Typically, source language detection works flawlessly. However, there are cases where the translated result differs depending on the source language, which a provider might not be able to unambiguously recognize. This can especially occur if shorter phrases or single words are to be translated, as in the following example cases where DeepL trips.

In such cases, a specific source language (-s) in the request can also be specified:

$ trl -mt en -c "uger"     

    Request:
    Target language: EN
    >>> 'uger'

    Answer:
    Detected source language: EN
    >>> 'uger'

$ trl -mt en -c "uger" -s da

    Request:
    Target language: EN
    >>> 'uger'

    Answer:
    Supplied source language: DA
    >>> 'weeks'

$

This would of course also work without the -m flag's increased output/"fancy" formatting, but it has been included above as to demonstrate the difference in processing and output:

$ trl -ten -c uger  
uger
$ trl -ten -c uger -sda
weeks
# another example where DeepL doesn't give the expected answer:
$ trl -t EN -c "haine"                          
haine
$ trl -t EN -c "haine" -s FR
hate

Other caveats

trl is very robust and works flawlessly for me on a near-daily basis.

However, trl does not check whether the assigned API key is valid for the selected provider, so in case multiple providers are ever used, you will have to keep those separated and, for the active one, updated and current yourself.

At this time, the only actually available translation providers are DeepL and, if you install and run it locally, a self-hosted version of LibreTranslate.
I've got a few more in mind already, but feel free to suggest suitable new providers or otherwise report any problems or bugs you may encounter!
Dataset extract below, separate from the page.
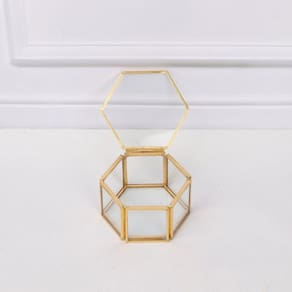 Características destacadas 1. Estilo moderno requintado: esta caixa de joias é uma vitrine de vidro hexagonal com uma aparência elegante e o estilo é muito moderno e requintado. 2. Prático:. Esta caixa de armazenamento pode armazenar suas joias favoritas, joias, anéis, brincos, colares, flores, etc. 3. Boa qualidade: a borda desta caixa de joias é feita de latão e é perfeitamente soldada com vidro transparente. A qualidade é muito boa. 4. Portabilidade: Este produto é pequeno e leve, o que é muito conveniente para transportar cerca de 5. Lindo: este produto é feito com artesanato funcional e requintado, e a aparência é muito elegante e bonita. Veja menos

Simply open a new issue here.

Further info

For more detailed documentation, see the list of ISO 639-1 language codes which are typically used for abbreviating the target language. Check the DeepL documentation to see which languages they currently support. They also have their own API clients available for various languages, which this project does not make use of, since the exposed functionality is also kept way simpler here. :-)

The author is not affiliated in any way with DeepL SE, but highly appreciative of their free API offering.